Business and banks relationship
Local businesses were also asked to rate satisfaction with their main bank. This revealed that many more businesses are satisfied with their banking relationship than dissatisfied – 49% are positive compared to 19% who are negative. The area where businesses were most negative in relation to their main bank was in its responsiveness to business banking needs, with this being cited as an issue by almost one quarter of businesses. 55% of businesses claimed to know their Banking Relationship Manager with 21% claiming they do not know.
Business costs and inflation
Two issues have become more of a concern to businesses over this quarter: interest rates (up from 15% to 22%) and inflation (up from 17% to 21%). The survey also asked the Northern Ireland business community whether their business costs had risen or decreased above the UK inflation rate which stood at +2.7% during the period of the survey (December 2013). Over half (53%) stated that their business costs had risen above this rate in the last year, 36% said their costs had increased at the same rate and 9% indicated their costs had decreased below this rate. Only 3% stated their costs had decreased. Only 4% indicated they were able to pass on all cost increases, just over a third (35%) said they were able to pass on some of the costs but not all, with 61% were unable to pass on any increase.
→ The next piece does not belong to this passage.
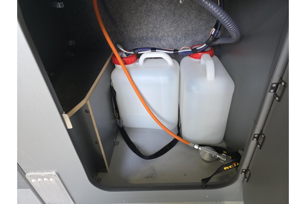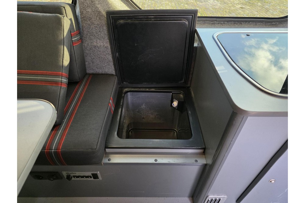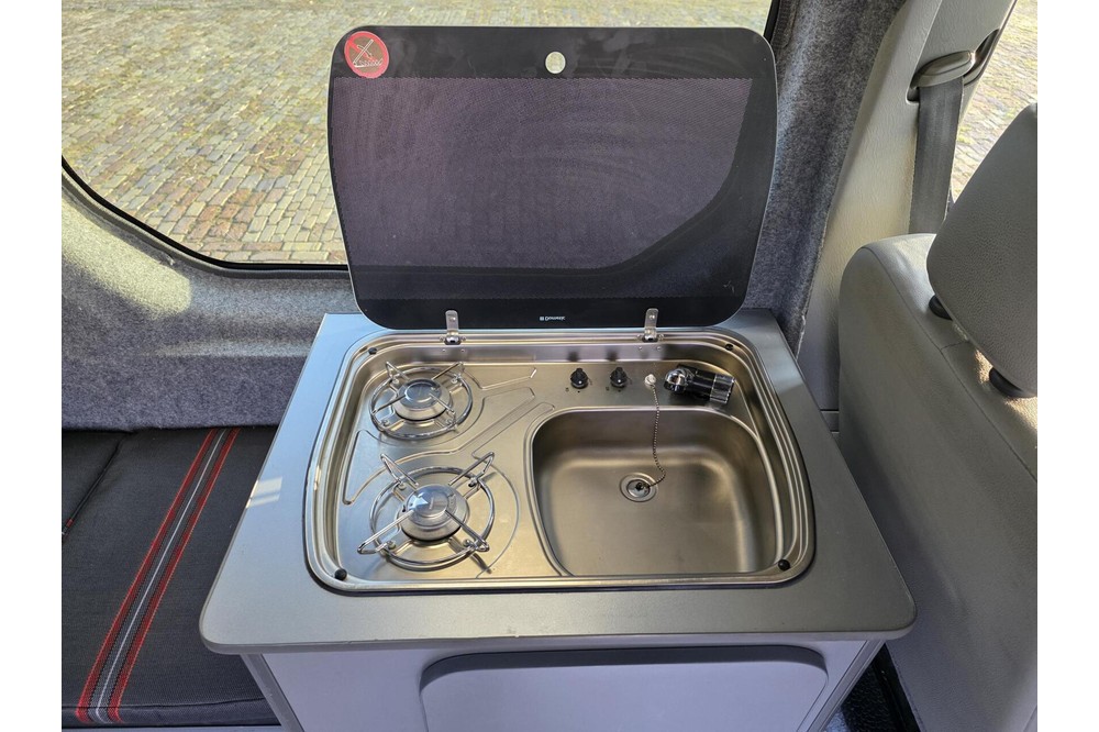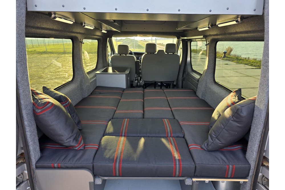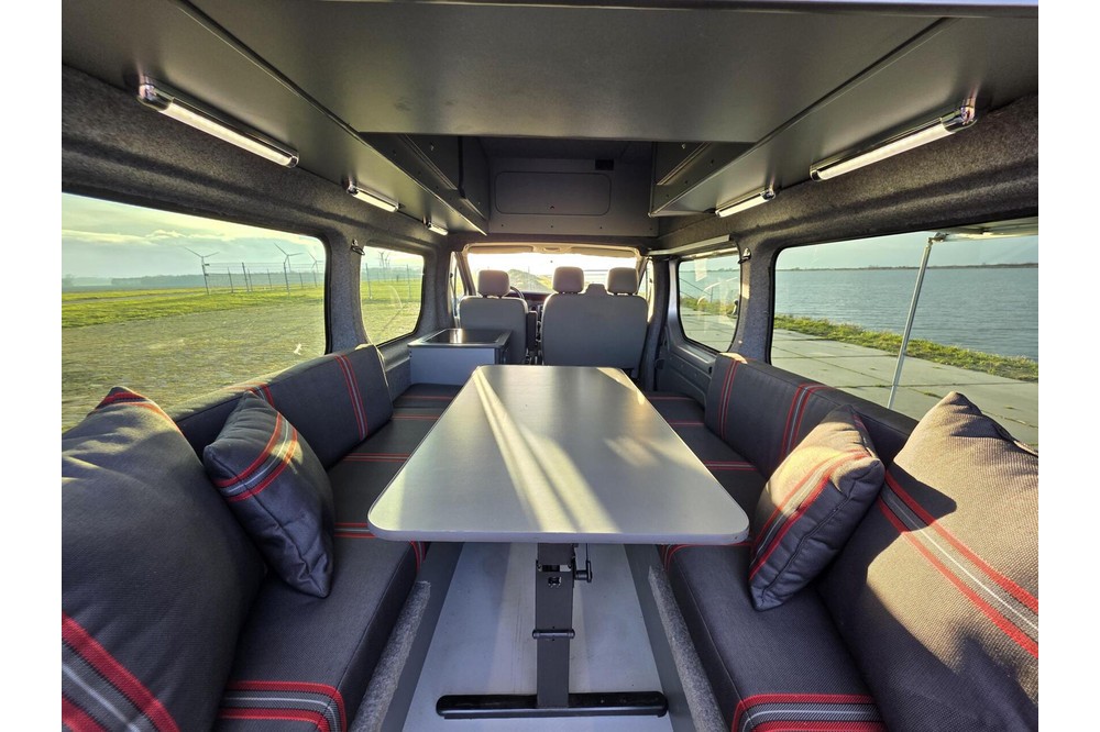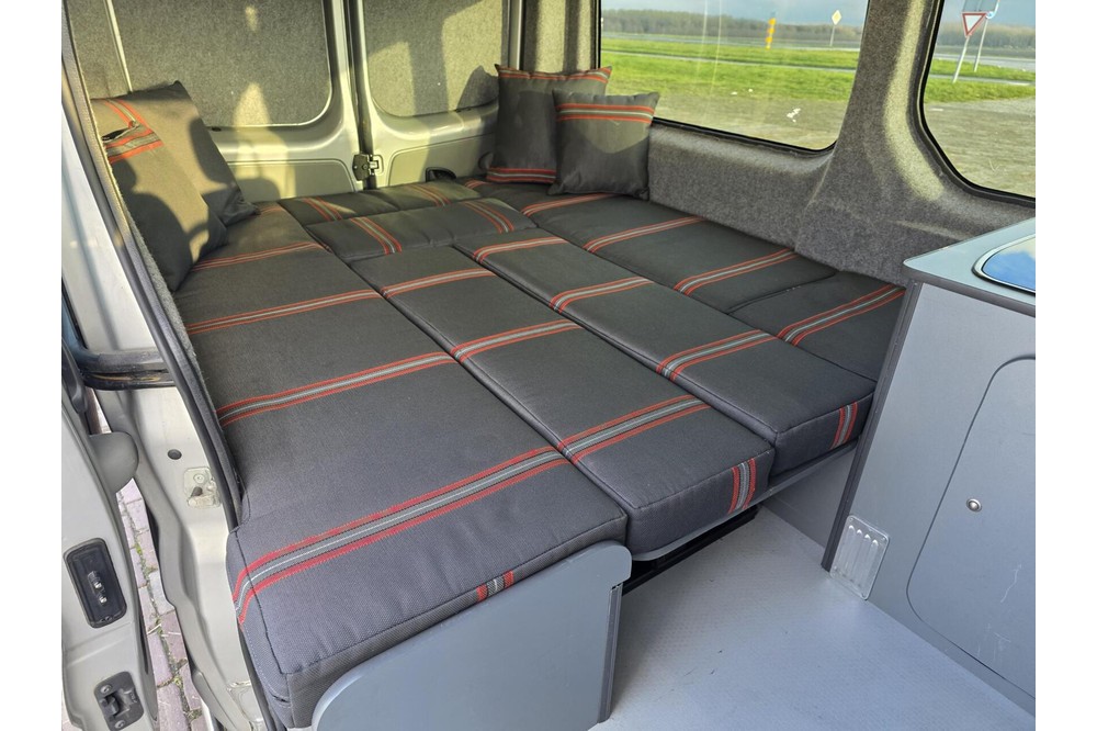 De camper is uitgerust met een volledig nieuwe, ongebruikte camperinrichting. Alles wat je nodig hebt voor een heerlijk avontuur is aanwezig: een bank met ingebouwde koelkast, een kookstel met kraan, veel opbergruimte in de bovenkasten en een nieuwe Fiamma luifel voor ontspannen momenten buiten. Hoewel de inrichting nooit is gebruikt om te kamperen, zijn er door vervoer van spullen enkele krasjes ontstaan op de houten delen en ontbreekt het plankje van de rechterbank achterin.

Commenting on the survey, Ann McGregor MBE, Chief Executive of Northern Ireland Chamber of Commerce, said:
“According to the latest survey results the economic recovery gathered pace in Northern Ireland over the past three months. Yet again most of the main balance figures increased on the previous quarter and businesses are generally more confident about the future. We are especially happy that our members’ business prospects for 2014 are generally positive.
“We are especially delighted to see that three quarters of businesses envisage that they will target new markets in 2014. NI Chamber of Commerce will continue to focus on inspiring export and we will be launching a new UKTI supported initiative with the world-wide Chamber network to support trade in 2014.
“We will also be prioritising access to finance and pursuing the devolution of Corporation Tax to Northern Ireland following the Scottish Referendum.”
Francis Martin, Partner at BDO, said:
“This is a great start to the New Year with a largely positive quarterly survey. Confidence is definitely improving and businesses are resolute in their determination to take the recovery from being good to being truly great.
“Our experience at BDO with our own clients matches many of the concerns highlighted in the survey however; ongoing recruitment issues and potential skills gap, the increasing pressure on businesses to raise prices and fundamental cash flow issues continue to be a concern and a barrier to growth.
“The survey points towards Northern Ireland continuing to lag behind the rest of the UK in terms of our recovery path. The NI business community, our banks and the government must continue to work together to address this issues. We must make sure that we do all we can to give our companies the opportunity to get the finance they need in order to go out and trade across the world if we are to succeed in rebalancing the economy towards continued growth.”
Pictured at the Quarterly Economic Survey briefing are (L-R) Maureen O’Reilly, who undertook the economic analysis for the survey; Francis Martin, Partner at BDO and Ann McGregor, Chief Executive at NI Chamber of Commerce.